Bonds & Stocks Rally – What’s Going On?

This coming week is what we would call in horse racing a trifecta with former FBI director James Comey’s testimony, the U.K. election, and the ECB monetary-policy meeting. Then our capital flow models seem to be picking up European buying of both US shares and bonds taking advantage of a rally in the Euro. The big money seems to have no faith in the Euro and is looking at rallies as an opportunity to divest more out of Europe.

On Friday, the government bonds remained in rally mode, pushing the benchmark 10-year Treasury note yield to a seven-month low as American pundits on Wall Street keep rubbing their eyes to make sure they are really awake. Stocks up and bonds up is a very strange thing for them to experience. The simultaneous run-up in stocks along with government paper has many just scratching their head. Does this mean the Fed will not raise rate? They are hard pressed for explanations when they only look domestically.

The 10-year Treasury yield fell from -2.17% to 2.15%, which is its lowest level since mid November. Even the Dow is starting to make new all-time highs at the same time.  Some have watched the unemployment number drop to a 16-year low at 4.3%. Some just think that equity and bond investors are not talking to each other and have been looking at different data.
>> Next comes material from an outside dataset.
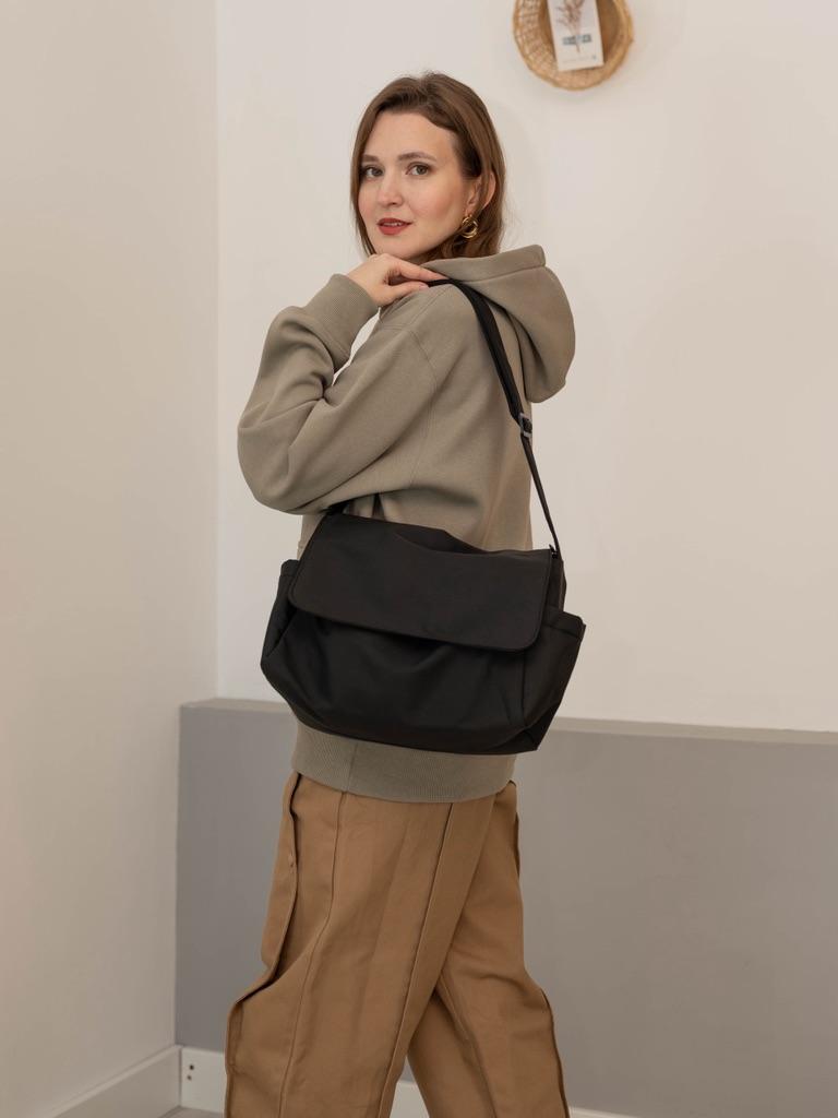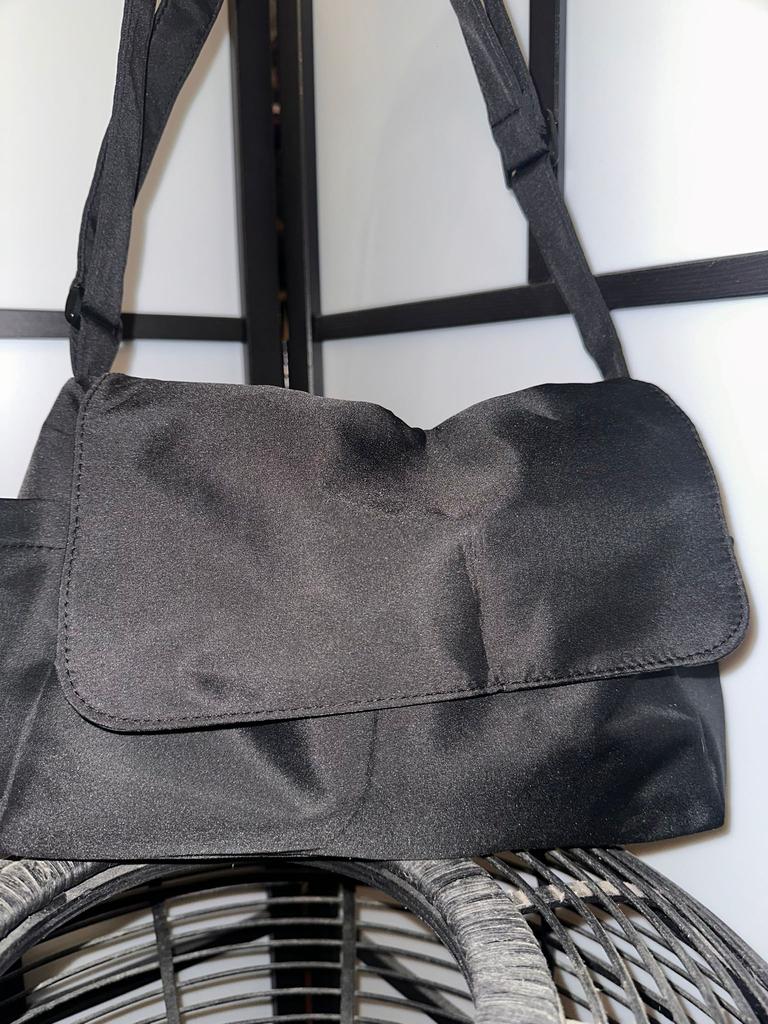 This black fabric bag combines simplicity and practicality in a lightweight and versatile design. Its satin finish adds an elegant and discreet touch, ideal for both everyday use and more formal occasions.. With an adjustable strap and flap closure, it is comfortable to wear on the shoulder or crossbody, offering enough space to carry the essentials without losing style. Its classic black color makes it a timeless basic that combines with any outfit.. A functional, lightweight accessory with a minimalist air that never goes out of style.

The bond pundits are watching the jobs numbers. Wall Street is pricing in two additional increases to benchmark interest rates in 2017. Others fear that Trump is in trouble and this puts at risk his whole agenda of deregulation, tax cuts and an increase to infrastructure spending.

The uninformed analysts actually think that weaker numbers will cause Congress to get behind Trump and push his agenda forward. That seems to be the least possible outcome. The likelihood of Republicans getting their act together when they smell blood in the White House is highly unlikely. Politics and posturing always come before the people.

The bottom line? Simply, we show capital inflows were running rather strong with Europeans looking to buy the bargains and China attacked the shorts in the yuan because of too much capital outflows. It may be a Comey testimony where he can say whatever he wants and the press will take it and run. But in Europe, the risk of the ECB collapsing is rising and this is why the sudden move to create a consolidated bond for Europe to find buyers to sell off what the ECB has bought and for European states to find funding when the ECB stops buying.